> **Work instructions**
Would you return the data below exactly as it stands, with every picture left out?

========================

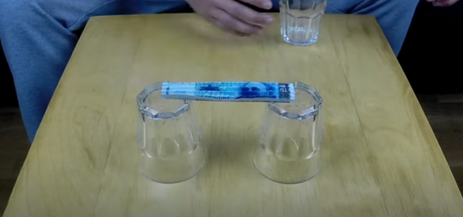 El mago colocará una moneda que puede ser incluso más grande sin que esta se caiga. Toma el billete y lo dobla de forma horizontal formando una M, finalmente, coloca el billete doblado entre los vasos; coloca una moneda sobre el billete y este no se caerá.
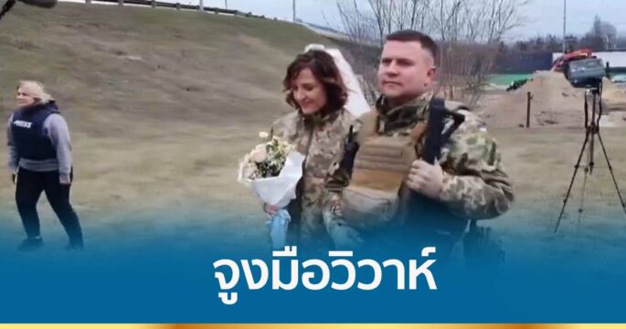 คู่รักชาวยูเครนจูงมือเข้าสู่ประตูวิวาห์ แม้ว่าจะอยู่ในช่วงสงครามระหว่างยูเครนกับรัสเซีย แต่ก็ไม่เป็นอุปสรรคสำหรับทั้งคู่
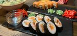 Variety of food:grill, sushi and rolls, pizza, burgers
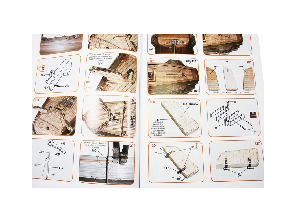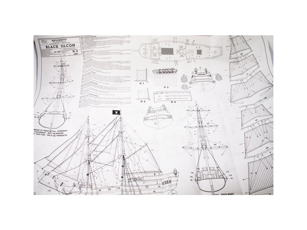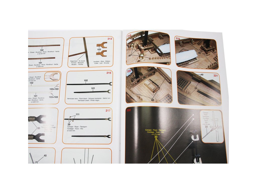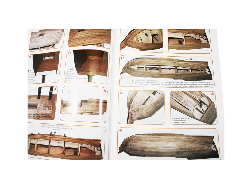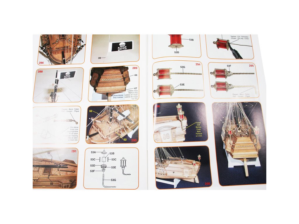 Set obsahuje kompletní sadu výkresové dokumentace modelu v měřítku 1:1 s obrázky jednotlivých detailů. Na výkrese jsou v měřítku nakresleny montážní sestavy, jejich kompletace a to včetně stěžňů a ráhen a způsob vázání lanoví. Vícejazyčný postup stavby rámcově upravuje logické sestavení jednotlivých komponentů.
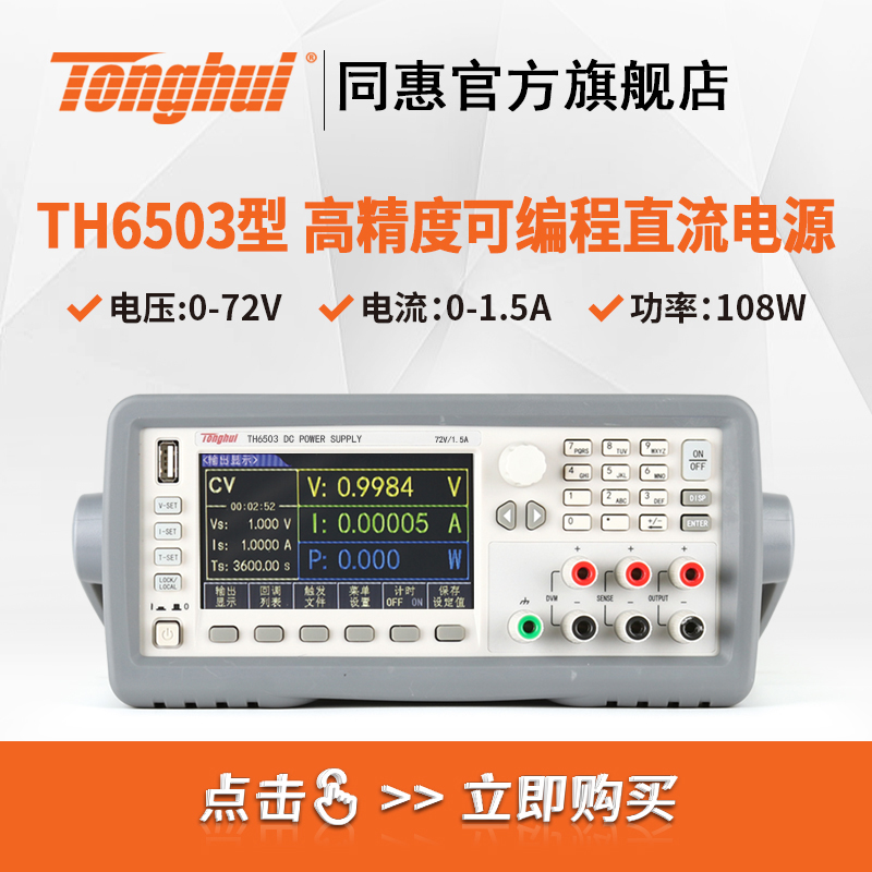 TH6500系列高精度可编程直流电源涵盖了6个型号(96W-216W),其最突出的优点是具有超高的精度和分辨率以及极快的电压上升速度。仪器内置一块电压表和欧姆表,方便用户测试外部电压和电阻。
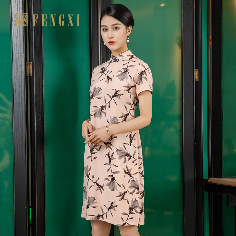 旗袍女改良年轻款 凤禧2025新款 修身 浅橘粉花朵印花短袖 连衣裙 夏季
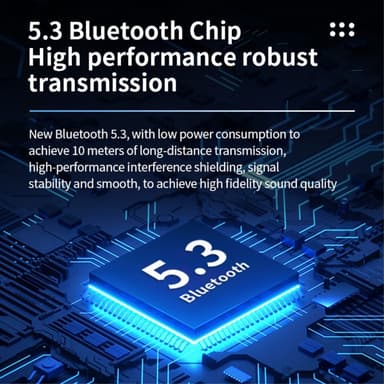 5.3 Bluetooth-brikke robust overføring med høy ytelse: Ny Bluetooth 5.3, med lavt strømforbruk for å oppnå 10m langdistanseoverføring, høyytelses interferensskjerming, signalstabilitet og glatthet, for å oppnå lydkvalitet med høy kvalitet
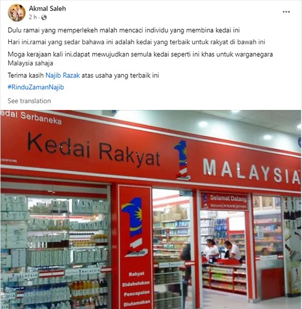 他在脸书撰文说,以前很多人都贬低,甚至侮辱纳吉推出一马人民商店,但现在许多人意识到这个商店是人民的理想选项。

========================

> **Result for this exercise**
 El mago colocará una moneda que puede ser incluso más grande sin que esta se caiga. Toma el billete y lo dobla de forma horizontal formando una M, finalmente, coloca el billete doblado entre los vasos; coloca una moneda sobre el billete y este no se caerá.
 คู่รักชาวยูเครนจูงมือเข้าสู่ประตูวิวาห์ แม้ว่าจะอยู่ในช่วงสงครามระหว่างยูเครนกับรัสเซีย แต่ก็ไม่เป็นอุปสรรคสำหรับทั้งคู่
 Variety of food:grill, sushi and rolls, pizza, burgers
 Set obsahuje kompletní sadu výkresové dokumentace modelu v měřítku 1:1 s obrázky jednotlivých detailů. Na výkrese jsou v měřítku nakresleny montážní sestavy, jejich kompletace a to včetně stěžňů a ráhen a způsob vázání lanoví. Vícejazyčný postup stavby rámcově upravuje logické sestavení jednotlivých komponentů.
 TH6500系列高精度可编程直流电源涵盖了6个型号(96W-216W),其最突出的优点是具有超高的精度和分辨率以及极快的电压上升速度。仪器内置一块电压表和欧姆表,方便用户测试外部电压和电阻。
 旗袍女改良年轻款 凤禧2025新款 修身 浅橘粉花朵印花短袖 连衣裙 夏季
 5.3 Bluetooth-brikke robust overføring med høy ytelse: Ny Bluetooth 5.3, med lavt strømforbruk for å oppnå 10m langdistanseoverføring, høyytelses interferensskjerming, signalstabilitet og glatthet, for å oppnå lydkvalitet med høy kvalitet
 他在脸书撰文说,以前很多人都贬低,甚至侮辱纳吉推出一马人民商店,但现在许多人意识到这个商店是人民的理想选项。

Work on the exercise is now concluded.